*** Opening PROVIDED RECORDS ***
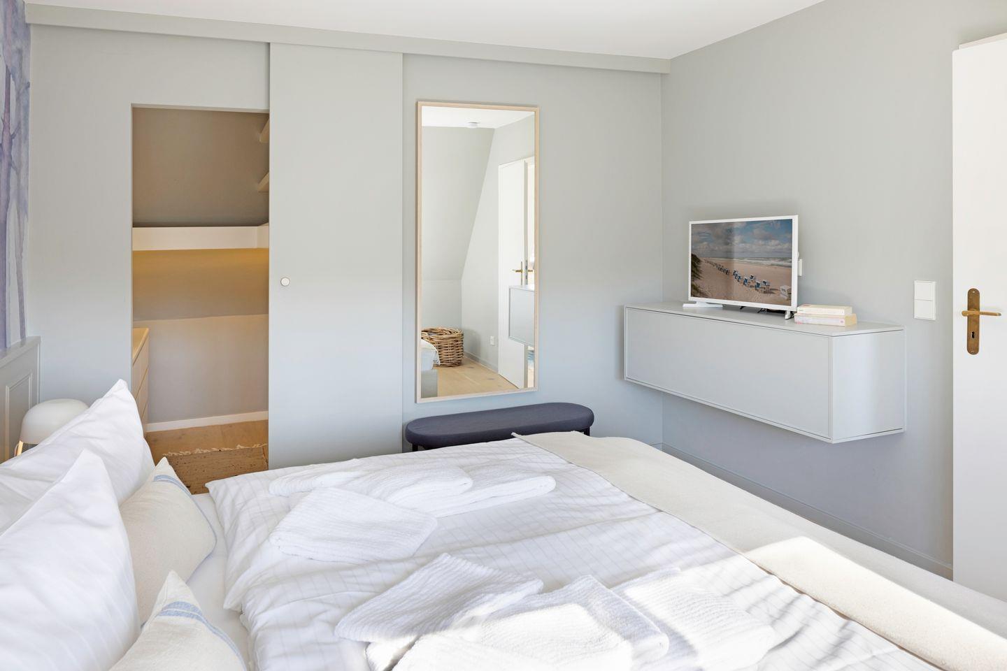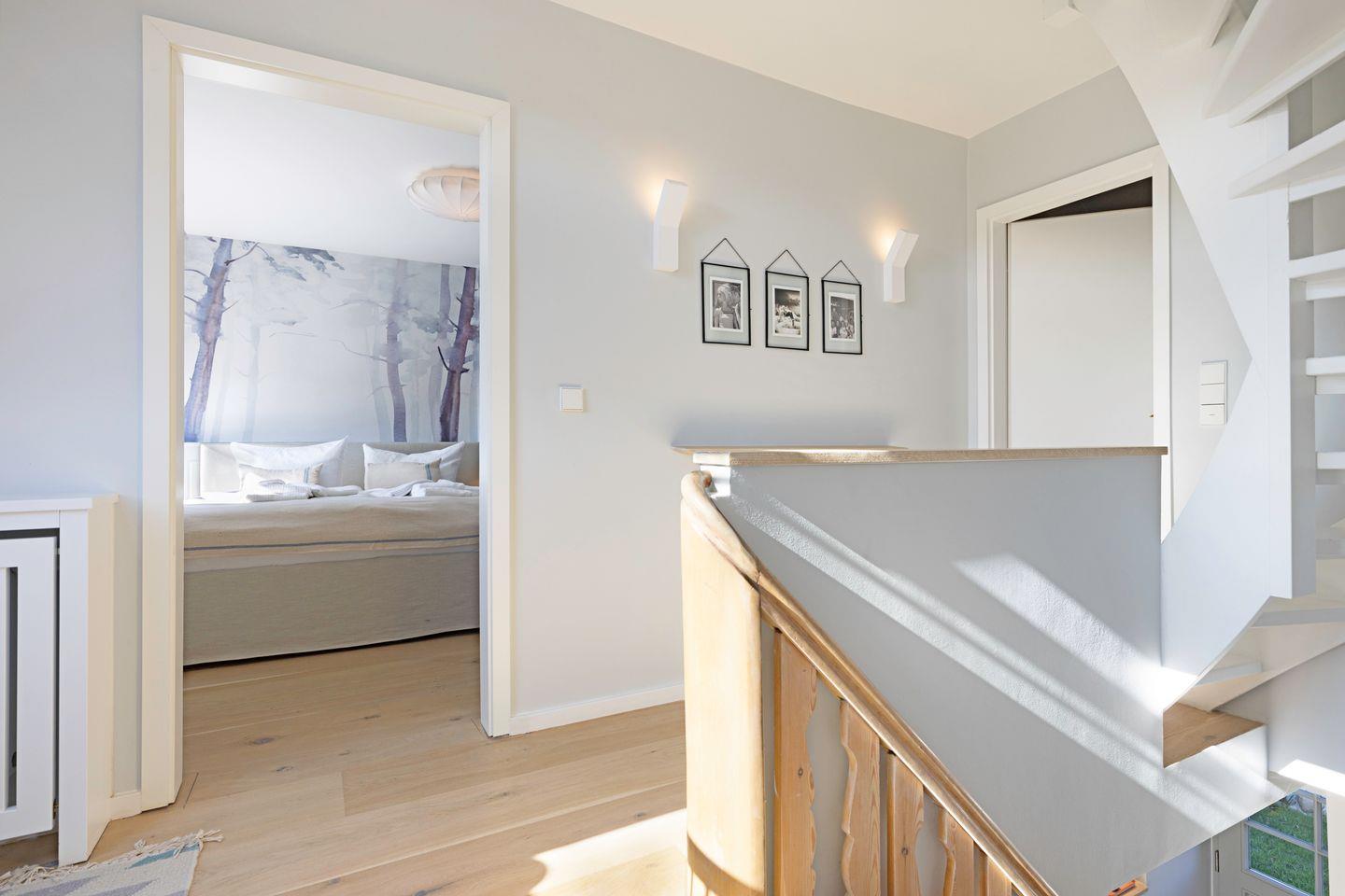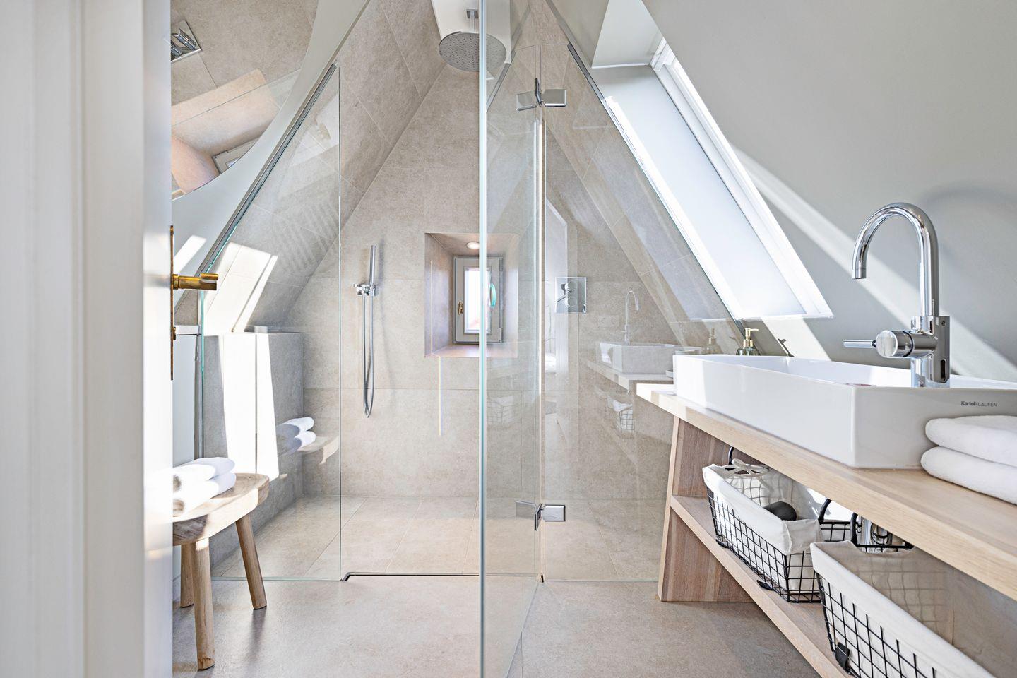 Das Haus verfügt über zwei Schlafräume mit jeweils Doppelbett (-eines im 1. Stock, eines im DG) und einem Schlafraum mit einem Einzelbett im 1. Stock. Ein edles Duschbad, sowie ein Wannenbad (1. Stock) vervollständigen Ihr Urlaubsdomizil.
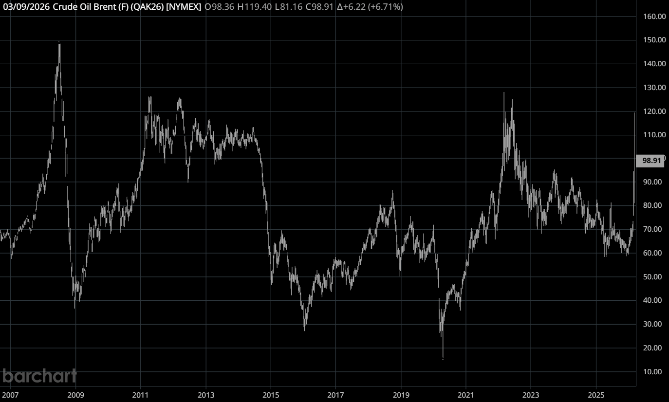 This weekly Brent chart helps put the move into perspective — not only the speed of the rally over the past two weeks, but the level itself.
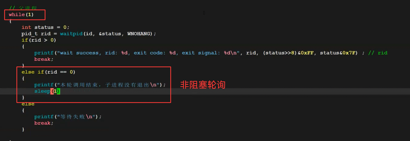 pid_t rid = waitpid(id, &status, WNOHANG);
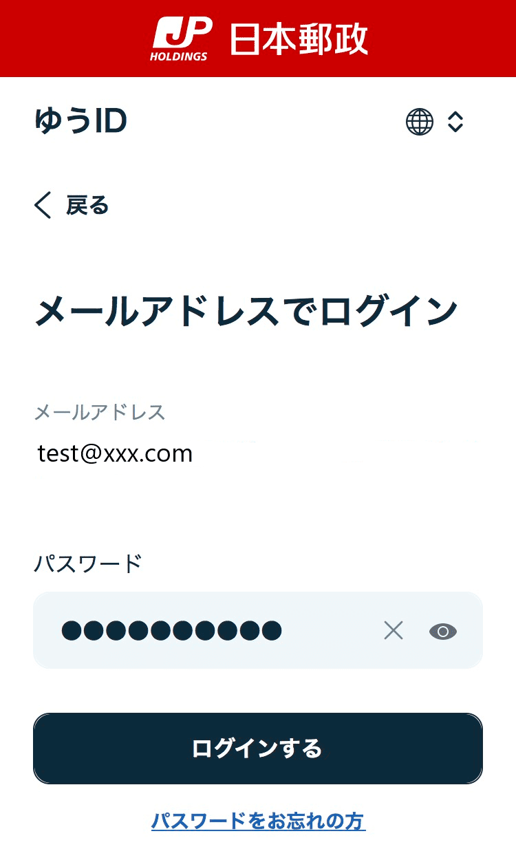 パスワードの再設定を行うことでお持ちのメールアドレスがゆうIDに登録されているかを確認できます。
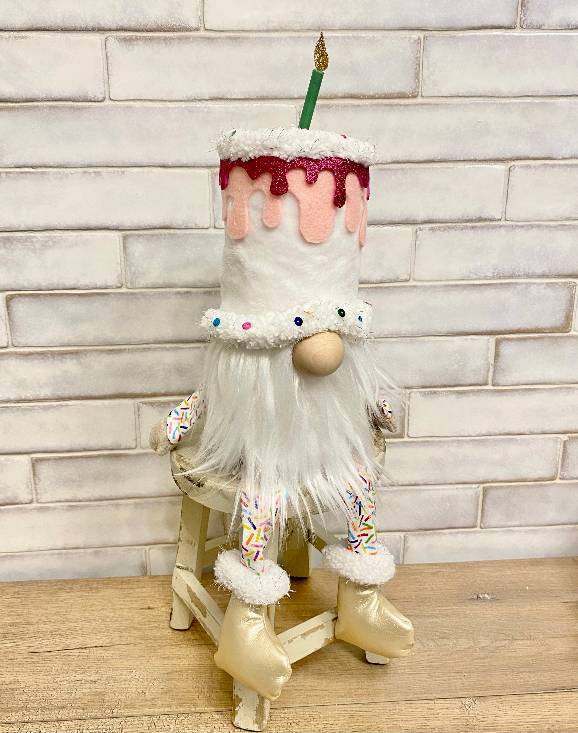 Celebrate birthdays with our fun birthday gnomes! Slight variations may occur (shoe color, or accents like frosting or candle color).
*** Closing PROVIDED RECORDS ***
All that is wanted is an exact copy of the lines from the line bearing "pid_t rid = waitpid(id, &status, WNOHANG);" through the final line of the entries, including both ends but no pictures.

 pid_t rid = waitpid(id, &status, WNOHANG);
 パスワードの再設定を行うことでお持ちのメールアドレスがゆうIDに登録されているかを確認できます。
 Celebrate birthdays with our fun birthday gnomes! Slight variations may occur (shoe color, or accents like frosting or candle color).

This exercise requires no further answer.